- _Assignment_: Pictures are to be omitted; everything else in the data must be transcribed exactly.

- _Task material_:
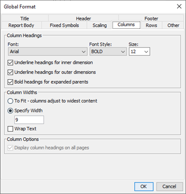 Field Description Use Global Width Select this option if you want to use the global width for columns. Specify Width To specify the width of the report columns as something other than the default. Enter the number of spaces in the field. Wrap Text If you want text to wrap to the width of columns, select this option.
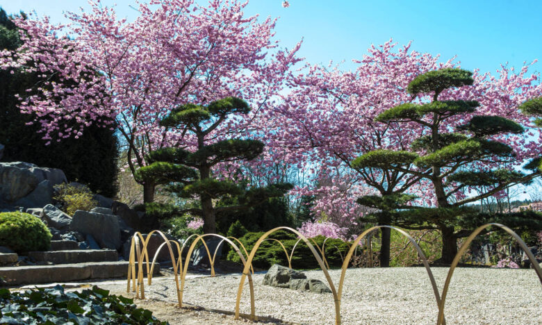 Den Japanische Fels- und Wassergarten zieren Kirschbäume mit weißer und rosafarbener Blütenpracht. Azaleen in…
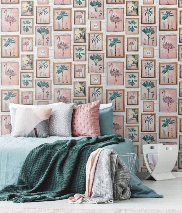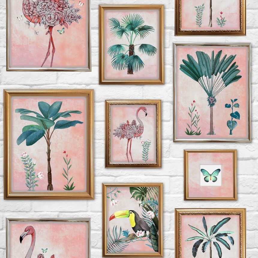 Bet on an unconventional design of framed pictures with tropical motifs on a brick wall. Smooth paper wallpaper.
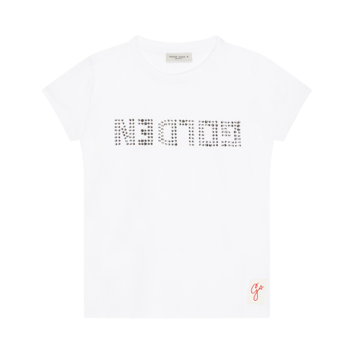 Golden Goose Kids Optic White Cotton Rhinestone Embellished T-Shirt. Optic white cotton t-shirt, rhinestone logo embellishment, short sleeves, round neck, straight hem.
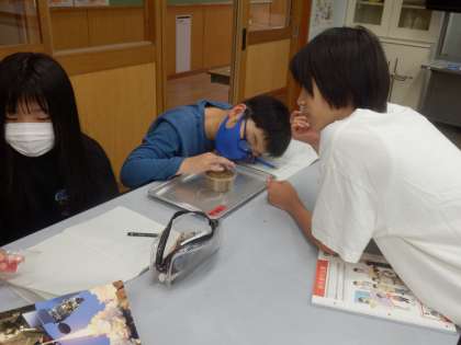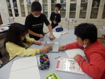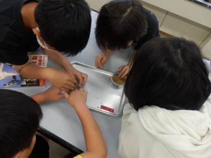 5年生の2時間目は理科の授業でした。「水あり」と「水なし」、「肥料あり」と「肥料なし」にように反する条件をつけた2つのカップに種を植えて、発芽の条件について考察していました。
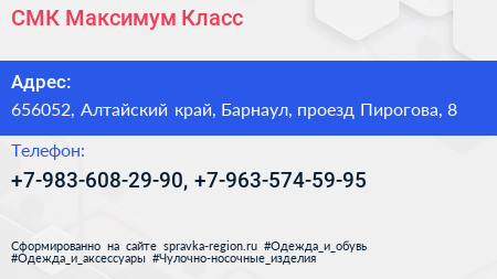 СМК Максимум Класс по адресу 656052, Алтайский край, Барнаул, проезд Пирогова, 8 в дальнейшем Организация, размещена в следующих категориях:
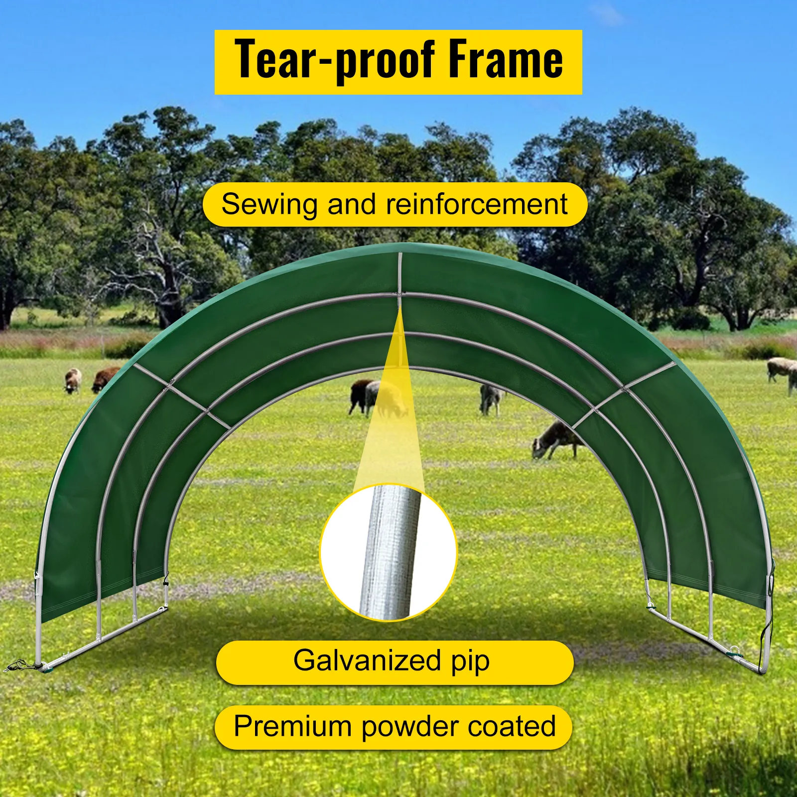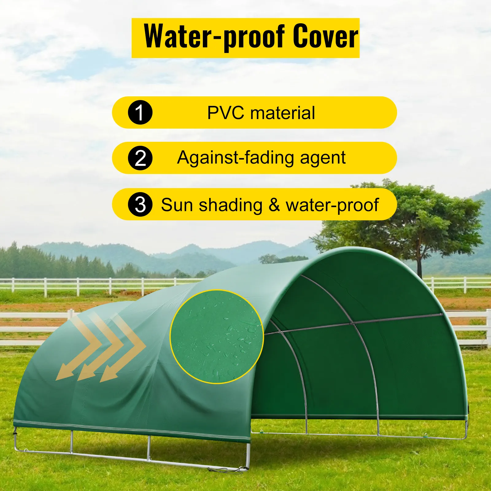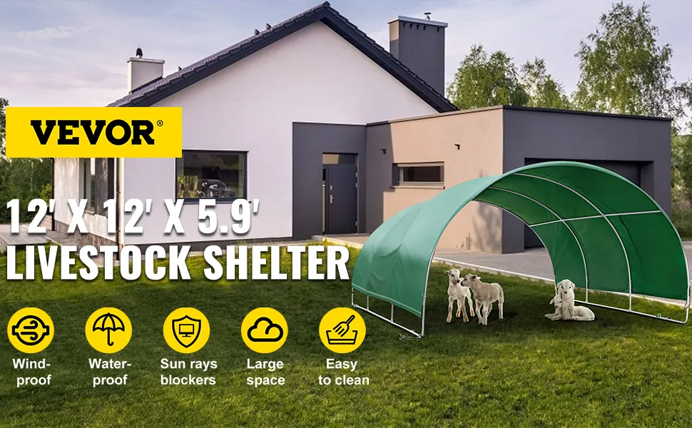 Con material de PVC, tratamiento de protección solar y agentes antidecoloración, la cubierta de su corral será impermeable, funcionará durante mucho tiempo y seguirá luciendo como nueva. El refugio creará una fuerte barrera entre la luz solar y el ganado.
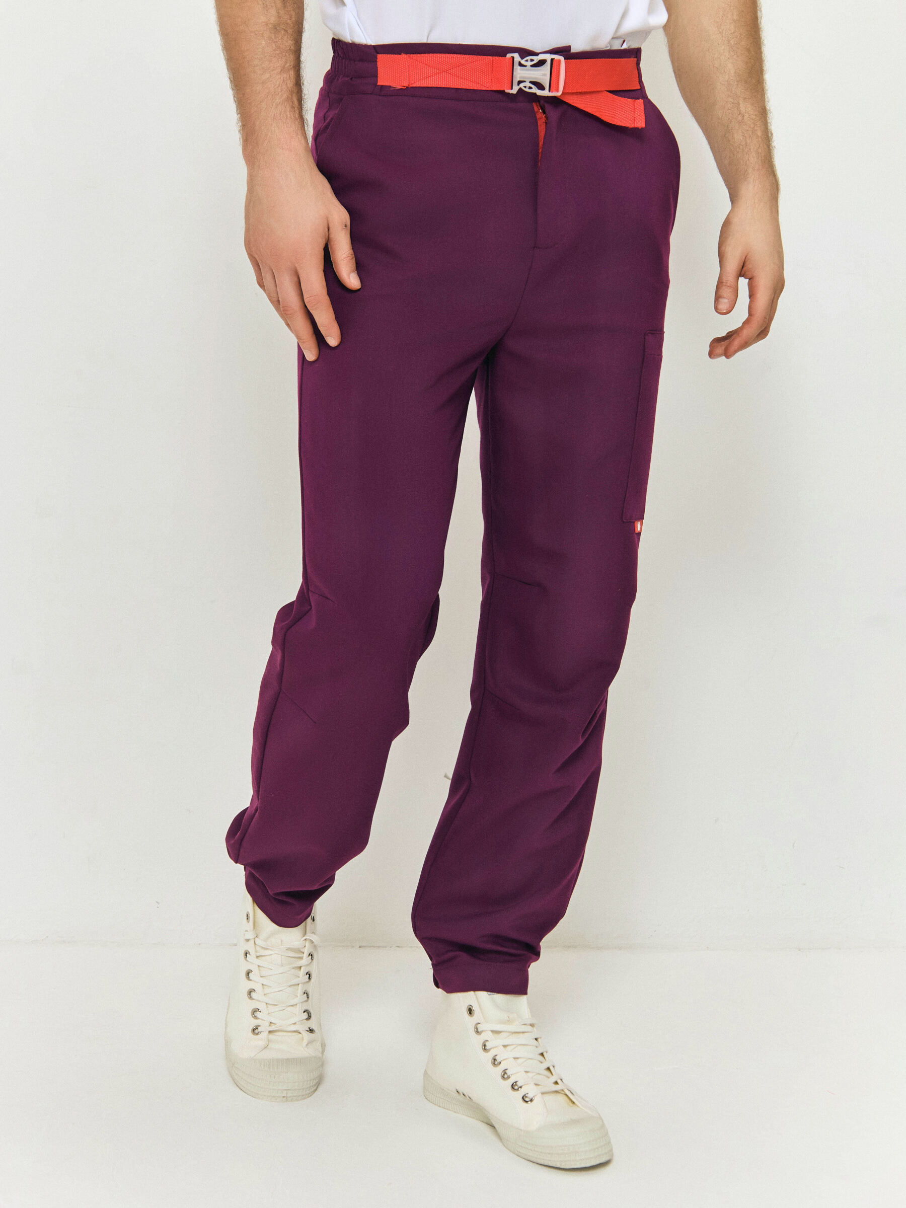 У брюк высокая посадка, на талии есть регулируемый пояс на застежке. Помимо накладного кармана на молнии на бедре, на брюках есть еще 4 глубоких кармана по бокам и сзади.

- _Answer below_:
 Field Description Use Global Width Select this option if you want to use the global width for columns. Specify Width To specify the width of the report columns as something other than the default. Enter the number of spaces in the field. Wrap Text If you want text to wrap to the width of columns, select this option.
 Den Japanische Fels- und Wassergarten zieren Kirschbäume mit weißer und rosafarbener Blütenpracht. Azaleen in…
 Bet on an unconventional design of framed pictures with tropical motifs on a brick wall. Smooth paper wallpaper.
 Golden Goose Kids Optic White Cotton Rhinestone Embellished T-Shirt. Optic white cotton t-shirt, rhinestone logo embellishment, short sleeves, round neck, straight hem.
 5年生の2時間目は理科の授業でした。「水あり」と「水なし」、「肥料あり」と「肥料なし」にように反する条件をつけた2つのカップに種を植えて、発芽の条件について考察していました。
 СМК Максимум Класс по адресу 656052, Алтайский край, Барнаул, проезд Пирогова, 8 в дальнейшем Организация, размещена в следующих категориях:
 Con material de PVC, tratamiento de protección solar y agentes antidecoloración, la cubierta de su corral será impermeable, funcionará durante mucho tiempo y seguirá luciendo como nueva. El refugio creará una fuerte barrera entre la luz solar y el ganado.
 У брюк высокая посадка, на талии есть регулируемый пояс на застежке. Помимо накладного кармана на молнии на бедре, на брюках есть еще 4 глубоких кармана по бокам и сзади.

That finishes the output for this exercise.